Communist power still dominates Shanghai, but the city affects the Party in turn. The early 2000s saw the heyday of an extended patronage network centered around former President Jiang Zemin, known as the “Shanghai Gang”. China’s most Western-oriented city effectively served as a training ground for the senior leadership in Beijing, although not without pushback from other factions. Even today, as Xi Jinping consolidates his personal power he’s been mindful to include Jiang’s protegees while apportioning top positions. If this trend holds, it offers the United States a path to influence future Chinese policy; Li notes that Western-educated returnees have been fast-tracked to leadership positions in Shanghai’s city government.

 

Middle Class Shanghai: Reshaping US-China Engagement, Cheng Li (Brookings Institution Press, May 2021)
Middle Class Shanghai: Reshaping US-China Engagement, Cheng Li (Brookings Institution Press, May 2021)

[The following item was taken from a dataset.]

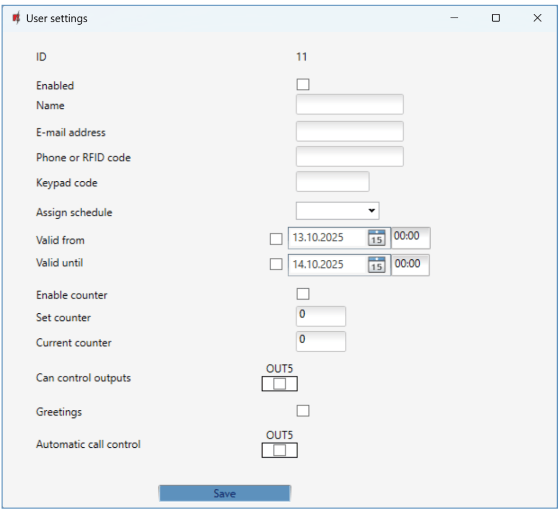 User settings (numbers from 11 to 1010) - ID – user number.

Li’s history of the study abroad movement shows that Shanghai has long served as an entrepôt for ideas as well as goods. Students returning from Japan did much to destabilize the late Qing dynasty, to say nothing of later Communist leaders schooled in France and the USSR. Li covers well-trodden ground in discussing the surge of Chinese middle-class undergraduates studying in the US, as well as the graduate students in STEM fields that provoke so much concern in the US Congress. But Li’s background in Maoist China makes for especially interesting reading on the role of lawyers who studied in Western countries. The rule of law as Westerners conceive it represents a radical break with China’s legal history, one that may yet undermine the CCP’s legitimacy. But China’s newly educated middle class has gained more than a different perspective on politics; in Shanghai they have moved from demanding the basic consumer staples to seeking out cultural experiences.

Chinese artists have met that demand. In 2019, Shanghai’s total of 770 art galleries ranked third behind only New York and Paris, and well ahead of cities like London, Rome, and Amsterdam. Moreover, over 80 percent of the city’s 124 museums are privately owned. Art in China today represents an area of expression and exchange outside the Communist party. Like artists everywhere, they challenge many aspects of their society, including the commercialization of art and the potential for globalization to homogenize culture. But Chinese artists do not, and will not, conform to the neat dissident/propaganda dichotomy of Western imagination. In art, as in so many other areas, policymakers would do well to acknowledge China’s complicated realities instead of relying on ideology and assumptions.

Recent years have seen a rash of articles on the alleged “Thucydides Trap” driving conflict between the ruling hegemon and rising power. But simplistic references to Athens and Sparta overlook something vital to Thucydidies: at every step, parties on both sides stressed the vagaries of human events and the potential for military action to end in disaster. Voices of moderation and restraint were often present; the wisdom to heed them was not. In the closing chapter, this book echoes those voices of caution. Shanghai is once again in the vanguard of Chinese culture and politics, pulling the rest of the country towards a more open and pluralistic society. But that new China may only arrive if governments on both sides of the Pacific resist calls for force, isolation, and mercantilism. In light of the alternatives, we should all hope they succeed.


A former US Marine and Iraq war veteran, Dr James Herndon worked in Udaipur, India while completing his PhD in Economics. He currently works as a consultant in Birmingham, Alabama.